What's the most efficient way to create a moving average or rolling sum in R? How do you do the rolling function along with a "group by"?
I scratched up a good answer from Achim Zeileis over on the r list. Here's what he said:
library(zoo)
## create data
x <- rnorm(365)
## transform to regular zoo series with "Date" index
x <- zooreg(x, start = as.Date("2004-01-01")) plot(x)

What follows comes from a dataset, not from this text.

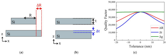 In order to take into account the fabrication suitability of the proposed cavity, we investigated Q factors as functions of the fabrication errors, radius, and thickness of one disk, in the tolerance range of ±20 nm for the antisymmetric mode in a double disk cavity with R = 850 nm, t = 220 nm, and g = 220 nm. We assumed the lower disk has a larger radius or thickness than the R and t of the upper disk with the amounts of or , as indicated in Figure 5a,b. means the change of the gap distance from g = 220 nm, which is already investigated in Figure. 2. When and are −20 nm, the Q factors drop to 24,500 and 15,200. The fabrication errors of R and t cause a decrease in the Q factor because the balance of the radiation field between two disks is broken, as shown in Figure 5c. On the other hand, does not significantly affect the Q factor in the range of 20 nm. Considering the fabrication process of the wafer growth and the thin film deposition, the gap distance and the thickness of the disks can be fabricated with high accuracy. Since e-beam lithography and dry etching will determine the radius and the accuracy can be worst in the R, t, and g, the controls of the radius of the upper and lower disks would be important in the performance of the proposed cavity.

## add rolling/running/moving average with window size 7
lines(rollmean(x, 7), col = 2, lwd = 2)
## if you don't want the rolling mean but rather a weekly ## time series of means you can do
nextfri <- function(x) 7 * ceiling(as.numeric(x - 1)/7) + as.Date(1) xw <- aggregate(x, nextfri, mean)
## nextfri is a function which computes for a certain "Date" ## the next friday. xw is then the weekly series.
lines(xw, col = 4)
Achim went on to say:
Note, that the difference between is rolling mean and the aggregated series is due to different alignments. This can be changed by changing the 'align' argument in
rollmean()
or thenextfri()
function in the aggregate call.
All this came from Achim, not from me: http://tolstoy.newcastle.edu.au/R/help/05/06/6785.html
While zoo is great, sometimes there are simpler ways. If you data behaves nicely, and is evenly spaced, the embed() function effectively lets you create multiple lagged version of a time series. If you look inside the VARS package for vector auto-regression, you will see that the package author chooses this route.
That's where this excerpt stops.